WHAT IS REQUIRED -> Nothing but the lines below, from the first through the line containing "還好有來,一走進就超有設計感,入口讓我聯想到電影沙丘,寬闊俐落的建築在沖繩其他", should be set down, each one exactly and without pictures.

EXERCISE DATA ->
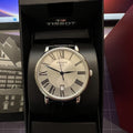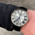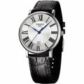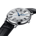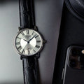 A men's Swiss-made quartz watch with scratch-resistant sapphire crystal, silver dial with Roman numeral indices and black leather strap.
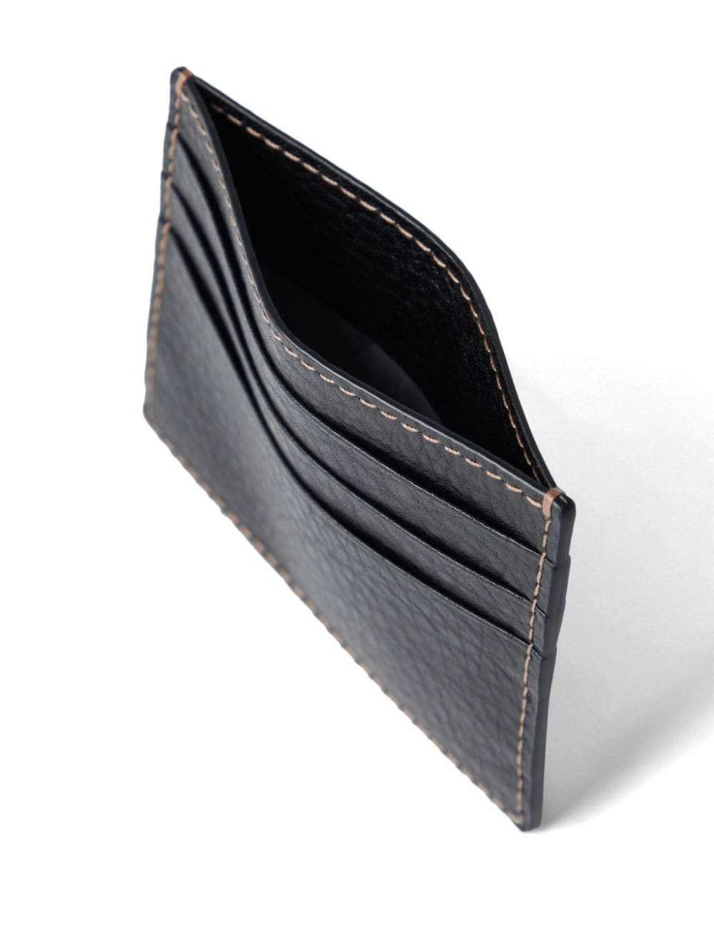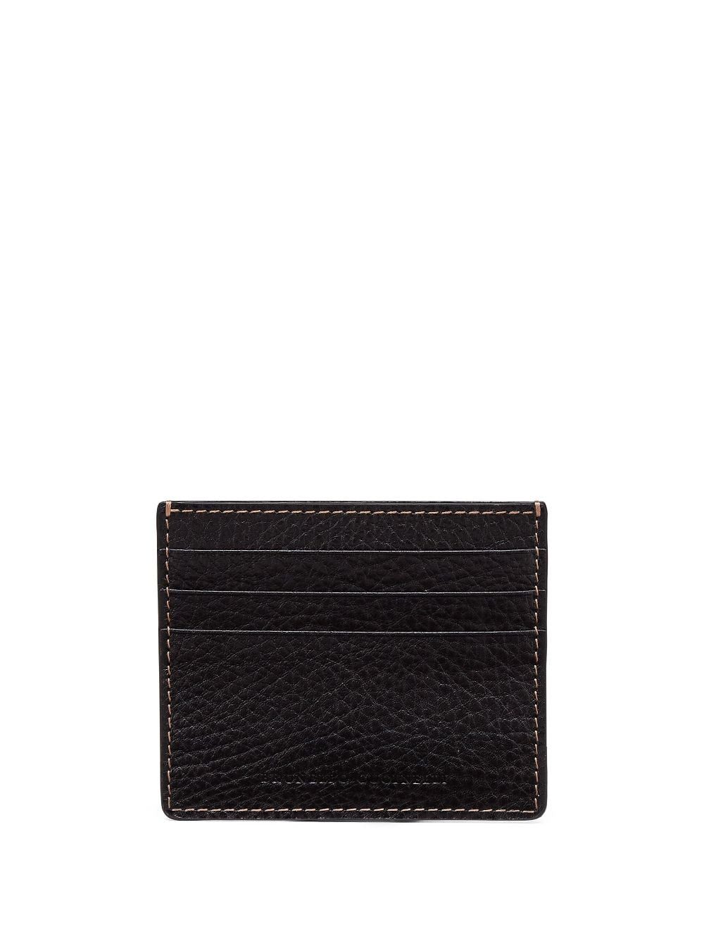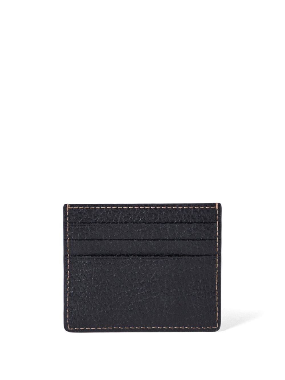 logo-debossed leather cardholder from BRUNELLO CUCINELLI featuring black, calf leather, grained texture, debossed logo to the front, card slots and rectangle shape.
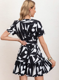 • Detail: Abstract print, wrap front, belt detail, short sleeves, mini length
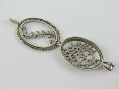 A HM silver 'open locket' having pierced floral panels to front and back, opening at bale, 4.7cm in length.
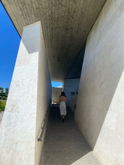還好有來,一走進就超有設計感,入口讓我聯想到電影沙丘,寬闊俐落的建築在沖繩其他
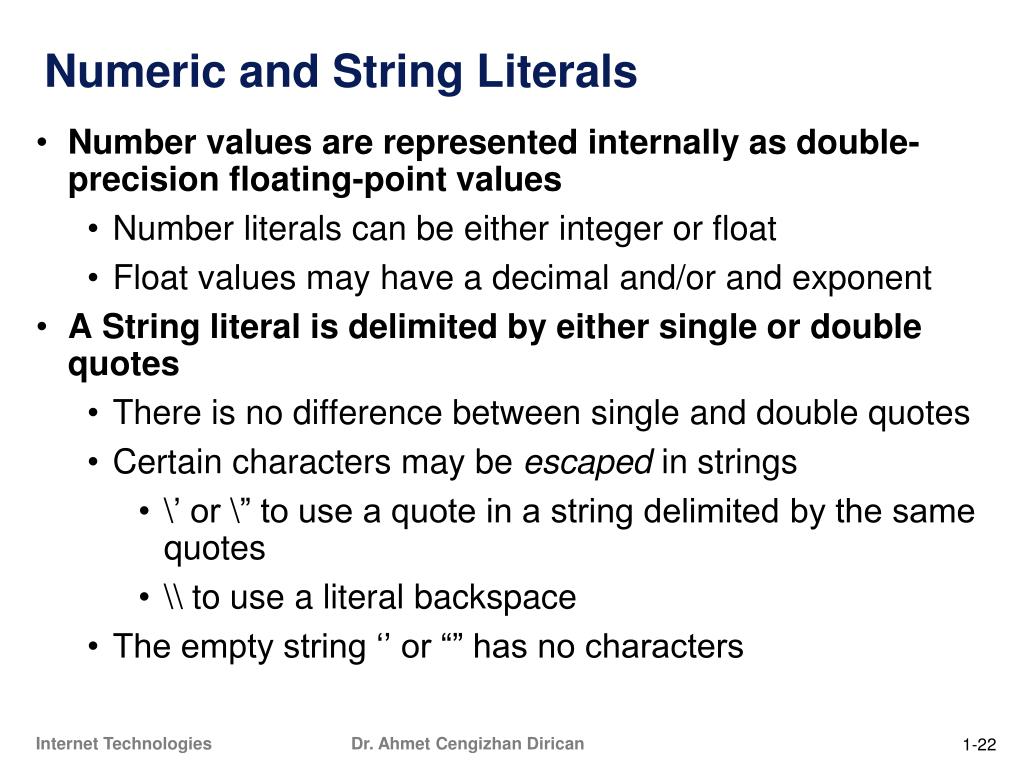 Numeric and String Literals • Number values are represented internally as double-precision floating-point values • Number literals can be either integer or float • Float values may have a decimal and/or and exponent • A String literal is delimited by either single or double quotes • There is no difference between single and double quotes • Certain characters may be escaped in strings • \’ or \” to use a quote in a string delimited by the same quotes • \\ to use a literal backspace • The empty string ‘’ or “” has no characters

REPLY ->
 A men's Swiss-made quartz watch with scratch-resistant sapphire crystal, silver dial with Roman numeral indices and black leather strap.
 logo-debossed leather cardholder from BRUNELLO CUCINELLI featuring black, calf leather, grained texture, debossed logo to the front, card slots and rectangle shape.
 • Detail: Abstract print, wrap front, belt detail, short sleeves, mini length
 A HM silver 'open locket' having pierced floral panels to front and back, opening at bale, 4.7cm in length.
還好有來,一走進就超有設計感,入口讓我聯想到電影沙丘,寬闊俐落的建築在沖繩其他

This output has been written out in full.